Thread: Some woman back ended my car today, and back hurts

  1. #16
    It's full of stars adrianxw's Avatar
    Join Date
    Aug 2001
    >>> many women driving with one hand and holding the cell phone

    Just women?

    Driving to the office this morning on the Interstate, I looked over to my left and there was a woman in a brand new Cadillac doing 65 mph with her face up next to her rear view mirror Putting on her eyeliner.

    I looked away for a couple seconds and when I looked back she was halfway over in my lane, Still working on that makeup.

    As a man, I don't scare easily. But she scared me so much; I dropped my electric shaver, which knocked the donut out of my other hand.

    In all the confusion of trying to straighten out the car using my knees against the steering wheel, it knocked my cell phone away from my ear which fell into the coffee between my legs, splashed, and burned Big Jim and the Twins, ruined the damn phone, soaked my trousers, and disconnected an important call.

    Damn women drivers ! !
    Wave upon wave of demented avengers march cheerfully out of obscurity unto the dream.

  2. #17
    Registered User
    Join Date
    Jan 2002
    hahhaahahaha that's the funniest thing I've heard in weeks.

  3. #18
    Registered User
    Join Date
    Mar 2003
    Adrian, you are the king

  4. #19
    Toaster Zach L.'s Avatar
    Join Date
    Aug 2001
    Hehehe... Good one!
    The word rap as it applies to music is the result of a peculiar phonological rule which has stripped the word of its initial voiceless velar stop.

  5. #20
    the hat of redundancy hat nvoigt's Avatar
    Join Date
    Aug 2001
    Hannover, Germany
    I have seen many women driving with one hand and holding the cell phone on the other.

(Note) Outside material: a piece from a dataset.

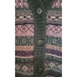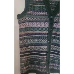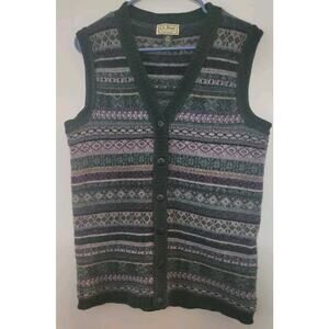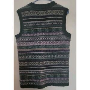 1990s L.L. Bean 100% Woll Striped Sweater Vest Mens Sz. M Vtg. Knit. This is made in the USA. This is green, blue and white. This is soft and warm.

This should be made a crime and made punishable by law.
    In Germany, it already is. Scariest thing I witnessed was a driver in front of me on the Autobahn. I thought he was talking on the phone, offense itself. After a while behind him in the lane, I realized he was frickin' shaving in the rear view mirror... jeez. It would have been safer to speed and shave at the next restroom.

    She was so Blonde, she spent 20 minutes looking at the orange juice can because it said "Concentrate."